Exercise prompt: Begin the copy at the line containing "This page presents" in the data below and end it at the line containing "由氧化鐵組成的核心:氧化鐵屬", keeping each line exact and leaving out pictures.

------------

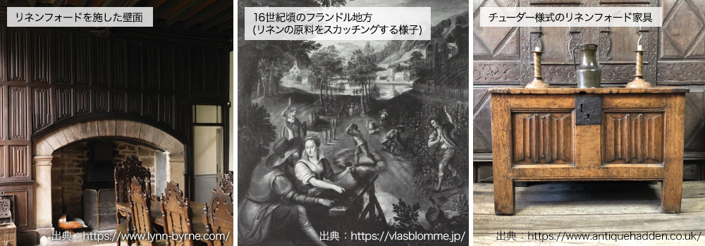 リネンフォールドは14世紀頃のフランドル地方で誕生したといわれています。この頃の建築物はゴシック様式で建てられ、その壁面パネルの装飾的要素としてリネンフォールドが採用されました。なぜリネンがモチーフだったのか、それは当時のフランドル地方がリネン産業で栄えていたことが大きな理由でした。そうして生まれたリネンフォールドは華やかな見た目をしているものの、比較的シンプルな加工法でできているので取り入れやすく多くの好評を得ました。14〜16世紀にかけて北欧全域へと普及していきますが、家具においては特にイギリスのチューダー様式で人気を博します。
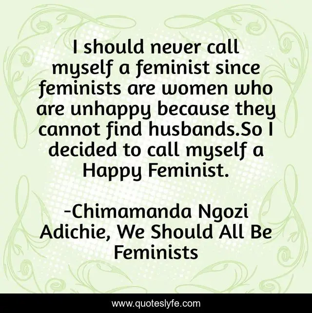 This page presents the quote "I should never call myself a feminist since feminists are women who are unhappy because they cannot find husbands.So I decided to call myself a Happy Feminist.". Author of this quote is Chimamanda Ngozi Adichie, We Should All Be Feminists. .
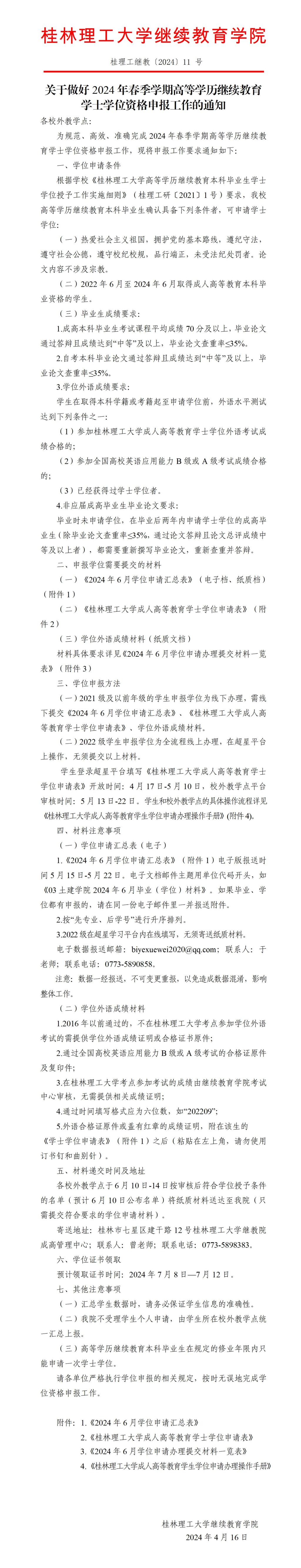 关于做好2024年春季学期高等学历继续教育学士学位资格申报工作的通知 发布者:成高管理中心 2024-04-16 已阅人次 (一审:于德新 二审:林文钊 三审:李衡) 上一条:关于印发修订后的《beats365(中国区)-唯一官方网站高等学历继续教育本科毕业生学士学位授予工作实施细则》的通知 下一条:关于做好2024年春季学期成人高等教育毕业生资格审核及毕业证办理工作的通知 关注我们
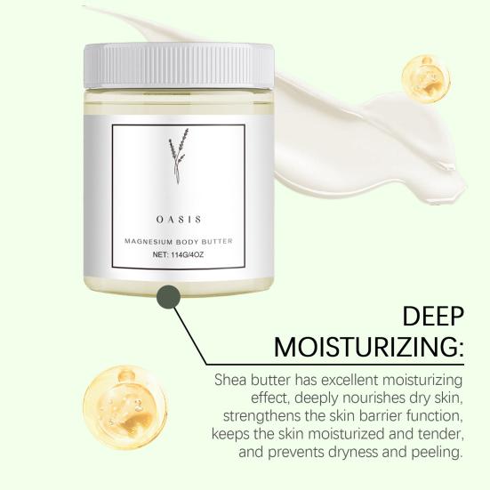 Гидратация, богатая магнием: Обогащенный магнием, этот увлажняющий крем для тела обеспечивает глубокое увлажнение, которое глубоко восстанавливает и устраняет сухость и дискомфорт, способствуя спокойному и гладкому виду кожи.
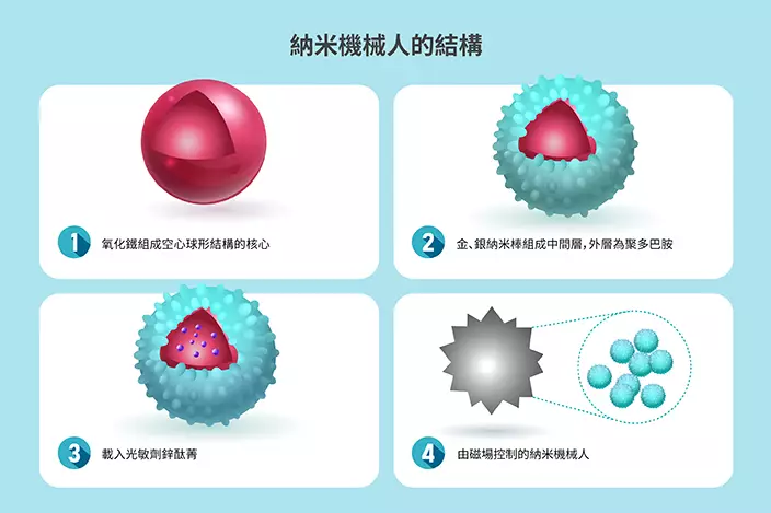 由氧化鐵組成的核心:氧化鐵屬磁性材料,讓納米機械人能夠透過磁場控制,按照既定的路徑移動。
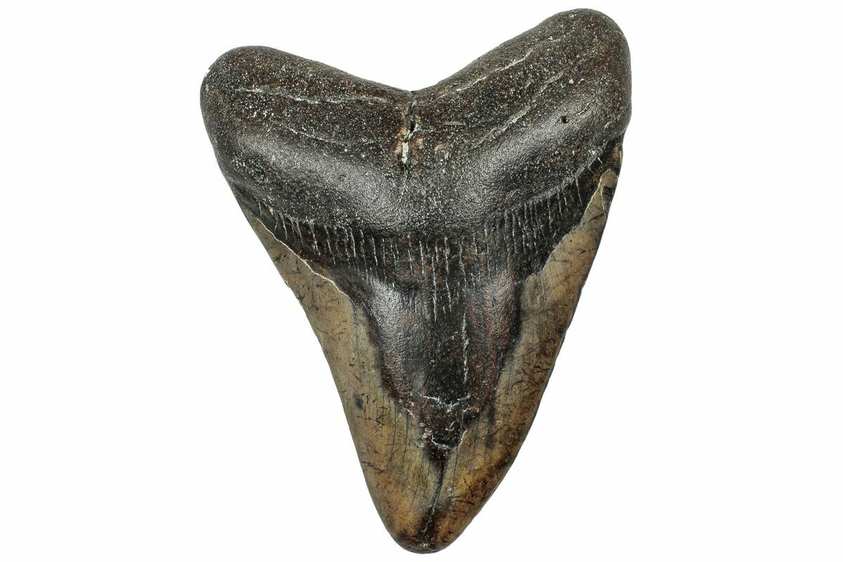 The standard measure for megalodon teeth is slant height, or the longest edge of the tooth. Adult megalodon teeth were typically in the 4 to 5 inch range: teeth over 6 inches are rare and represent super-sized individuals. Only a handful of teeth have ever been found over seven inches.
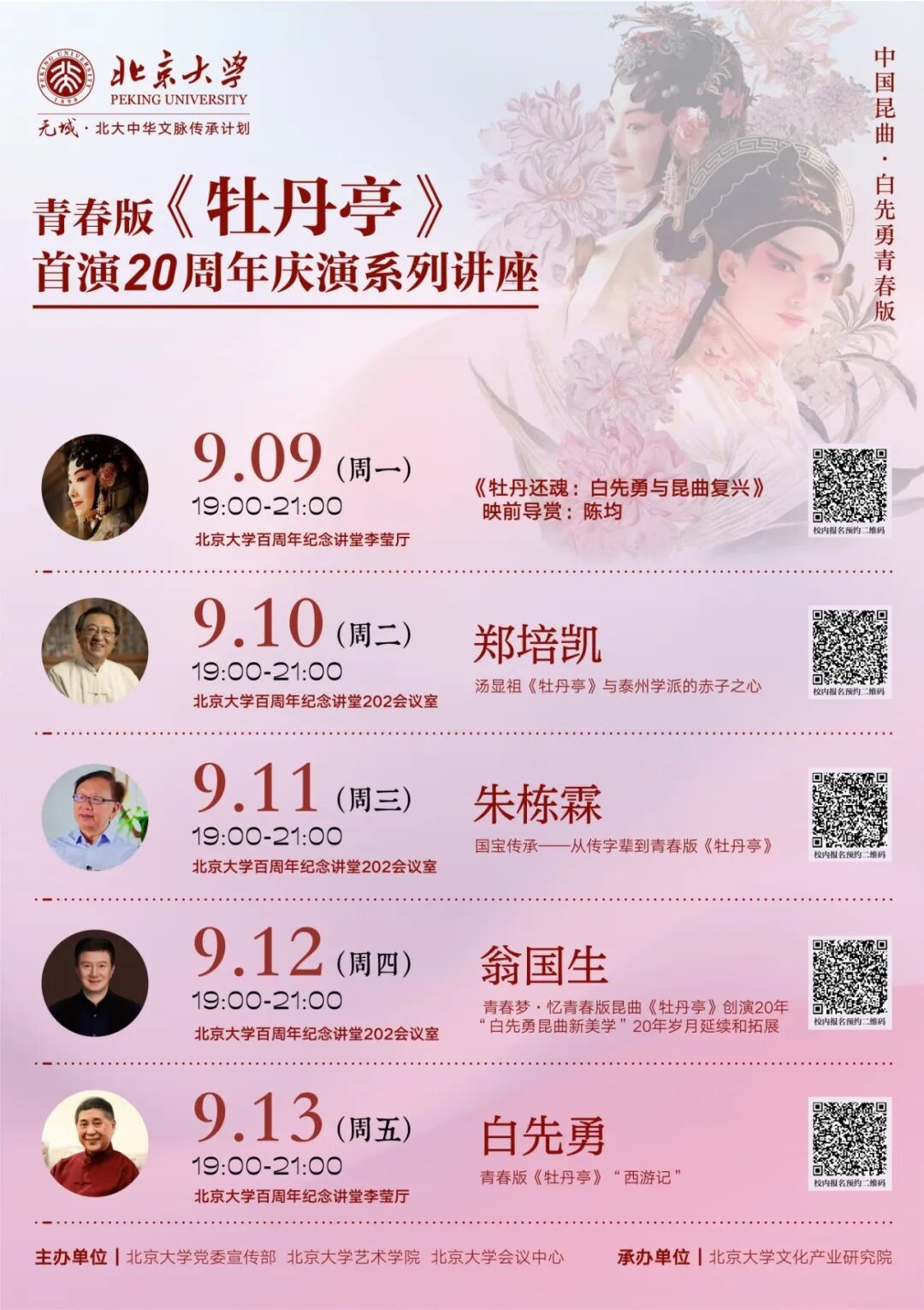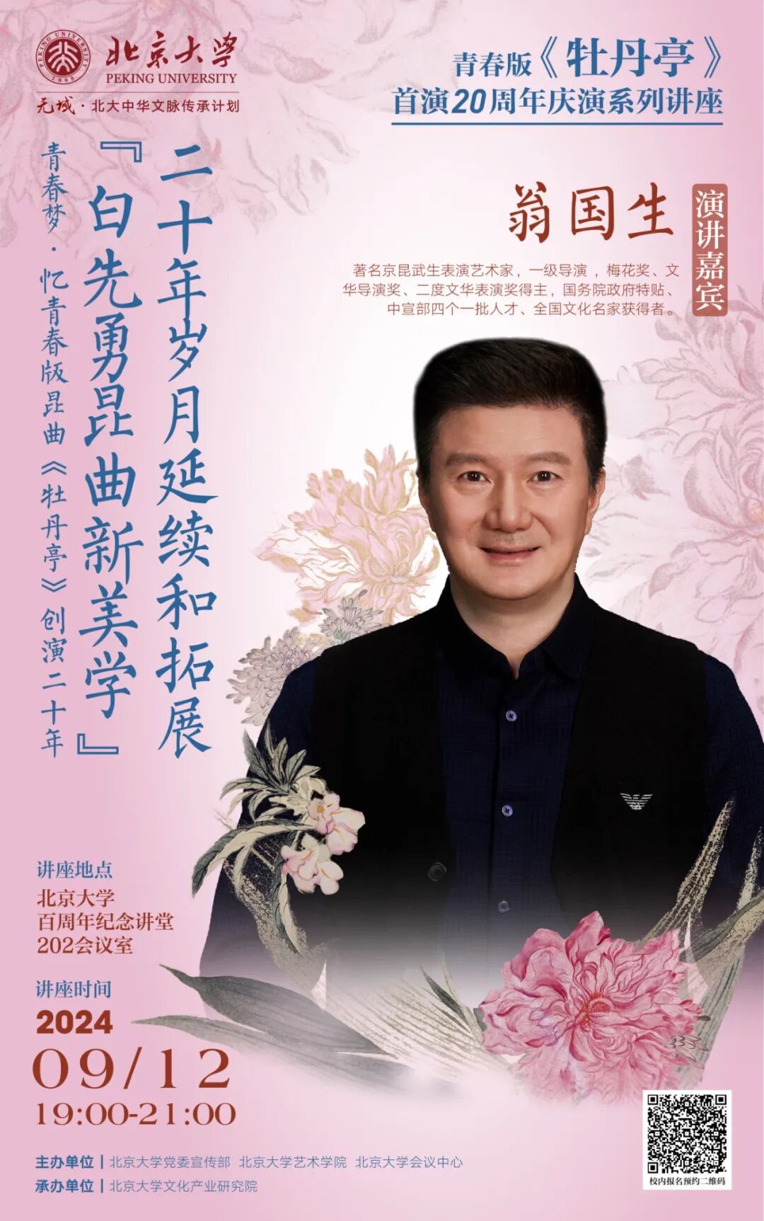 为深化理解昆曲艺术,积极搭建古老昆曲与年轻学子的心灵桥梁,2024年9月9日至13日,北京大学党委宣传部、艺术学院、会议中心主办,北京大学文化产业研究院承办的“青春版《牡丹亭》首演20周年庆演系列讲座”,将邀请5位知名学者与艺术家,共飨一场美轮美奂的文化艺术盛宴。
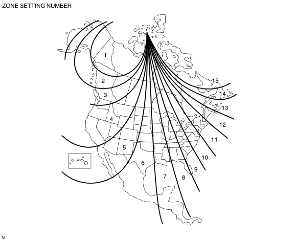 (b) Compass function calibration is necessary when: 1) purchasing a vehicle, 2) disconnecting and reconnecting the cable from the negative (-) battery terminal, 3) replacing a battery, 4) driving the vehicle out of the numbered set zone (see the zone map below, and 5) placing magnetic or metal objects on or near the accessory meter (multi-display).
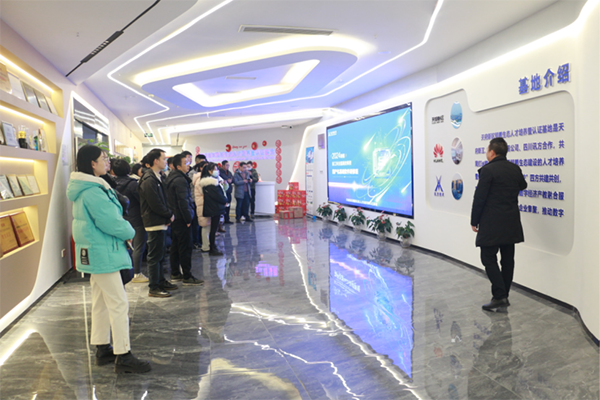 在陆海兵总监的解说下,各位老师参观了鲲鹏人才基地展厅,分析了基地开展历程、国产计算行业开展现状、人才培养方向、院校运营成果等内容。
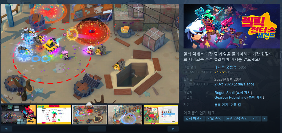 정식 출시 때 무료(부분 유료)로 전환되는 싱글 & 멀티 플레이 루트 슈터 게임입니다. 탑다운 슈팅 게임만 다년간 만들어온 개발사의 신작 입니다. 렐릭 헌터스라는 ip로 꾸준히 게임을 만들고 있습니다. 아직 얼리엑세스라 버그가 조금 있지만 저력이 느껴지는 게임성을 가지고 있습니다. 펀딩을 받아 제작에 들어간 게임 입니다.
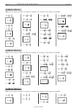 Produits et quotients de fractions - Corrigé série d'exercices 3
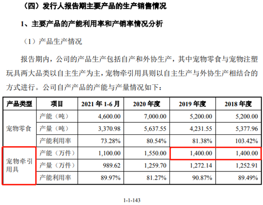 源飛寵物主要產品是寵物牽引用具招股説明書稱,報告期內,公司的產品生產包括自產和外協生產,其中寵物零食與寵物注塑玩具兩大品類以自主生產為主,寵物牽引用具則以自主生產與外協生產相結合的方式進行。2018年、2019年,發行人寵物牽引用具產能均為1400萬件,2020年增至1550萬件。

------------

Solution for this problem:
 This page presents the quote "I should never call myself a feminist since feminists are women who are unhappy because they cannot find husbands.So I decided to call myself a Happy Feminist.". Author of this quote is Chimamanda Ngozi Adichie, We Should All Be Feminists. .
 关于做好2024年春季学期高等学历继续教育学士学位资格申报工作的通知 发布者:成高管理中心 2024-04-16 已阅人次 (一审:于德新 二审:林文钊 三审:李衡) 上一条:关于印发修订后的《beats365(中国区)-唯一官方网站高等学历继续教育本科毕业生学士学位授予工作实施细则》的通知 下一条:关于做好2024年春季学期成人高等教育毕业生资格审核及毕业证办理工作的通知 关注我们
 Гидратация, богатая магнием: Обогащенный магнием, этот увлажняющий крем для тела обеспечивает глубокое увлажнение, которое глубоко восстанавливает и устраняет сухость и дискомфорт, способствуя спокойному и гладкому виду кожи.
 由氧化鐵組成的核心:氧化鐵屬磁性材料,讓納米機械人能夠透過磁場控制,按照既定的路徑移動。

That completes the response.